EXERCISE: Reproduce the listing exactly, with no pictures in your copy.

[Opening WORKING DATA section]

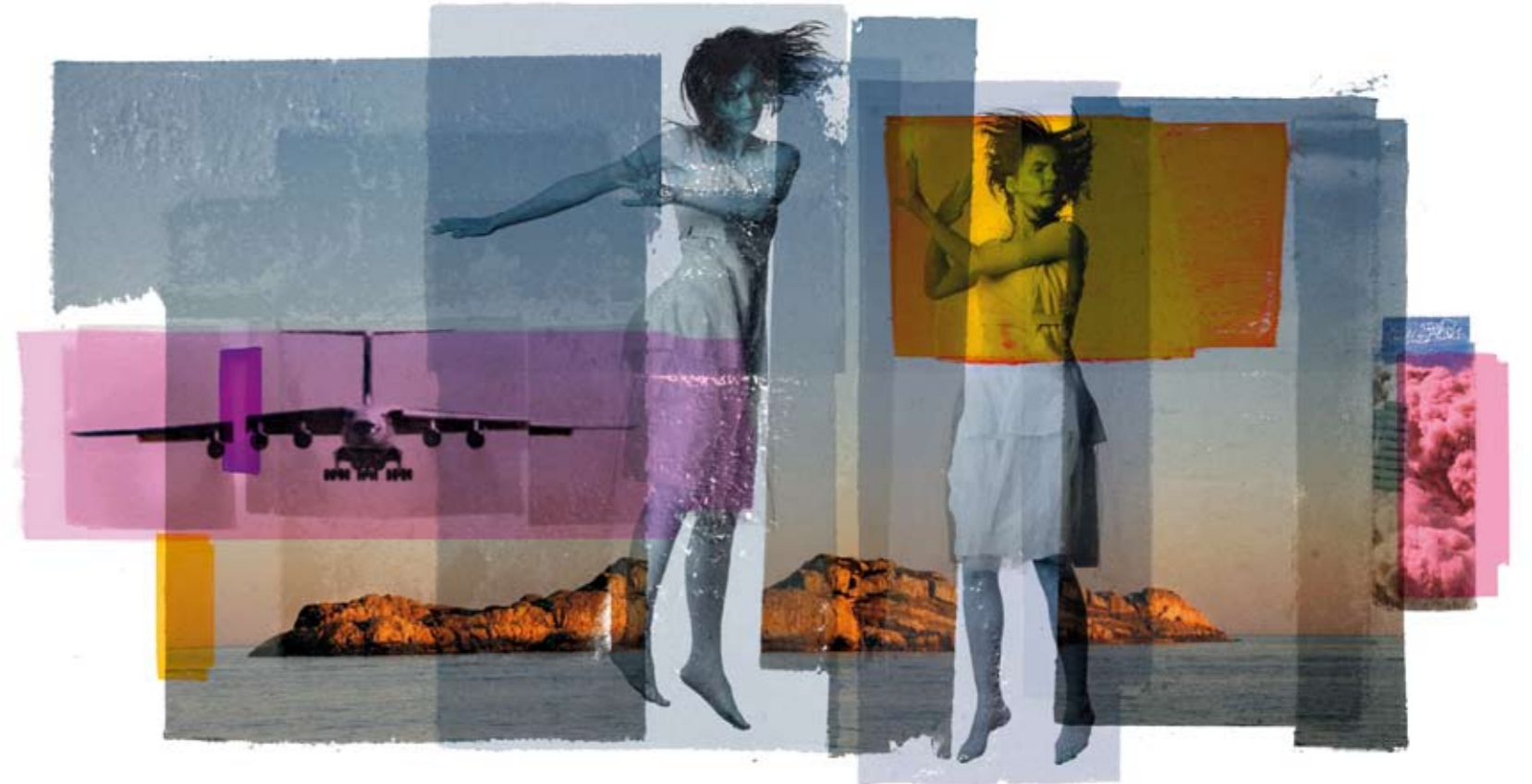
Defence / Afternoon (Antonov/AFG) Original Digitalt Arbeid/UV Arizona 210 x 110 cm
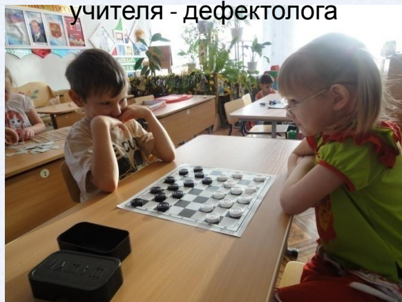
Шашки – это интересно!
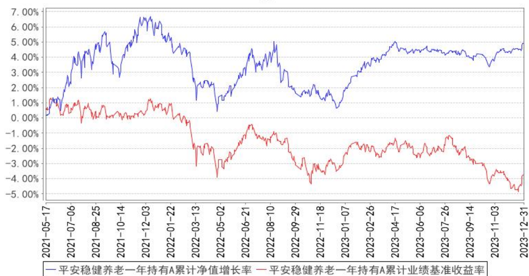
平安稳健养老一年持有A累计净值增长率与同期业绩比较基准收益率的历史走势对比图
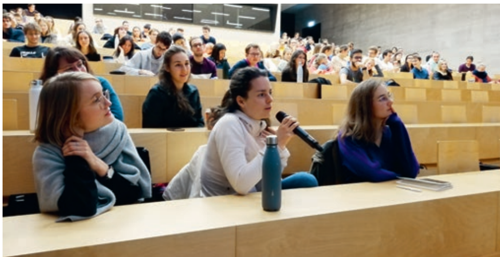
Questions des étudiants durant la réunion annuelle de novembre 2019

et de connaître leurs aînés. Le 14 novembre 2019 (photo), l'auditoire Joseph Deiss accueillait des étudiants passionnés, venus écouter les défis de bio-ingénierie des transplantations de peau ou de réhabilitation à la marche après lésion médullaire, ou enfin les défis dans la lutte contre le virus Ebola.

[Closing WORKING DATA section]

RESPONSE TO THE TASK:
Defence / Afternoon (Antonov/AFG) Original Digitalt Arbeid/UV Arizona 210 x 110 cm
Шашки – это интересно!
平安稳健养老一年持有A累计净值增长率与同期业绩比较基准收益率的历史走势对比图
Questions des étudiants durant la réunion annuelle de novembre 2019

et de connaître leurs aînés. Le 14 novembre 2019 (photo), l'auditoire Joseph Deiss accueillait des étudiants passionnés, venus écouter les défis de bio-ingénierie des transplantations de peau ou de réhabilitation à la marche après lésion médullaire, ou enfin les défis dans la lutte contre le virus Ebola.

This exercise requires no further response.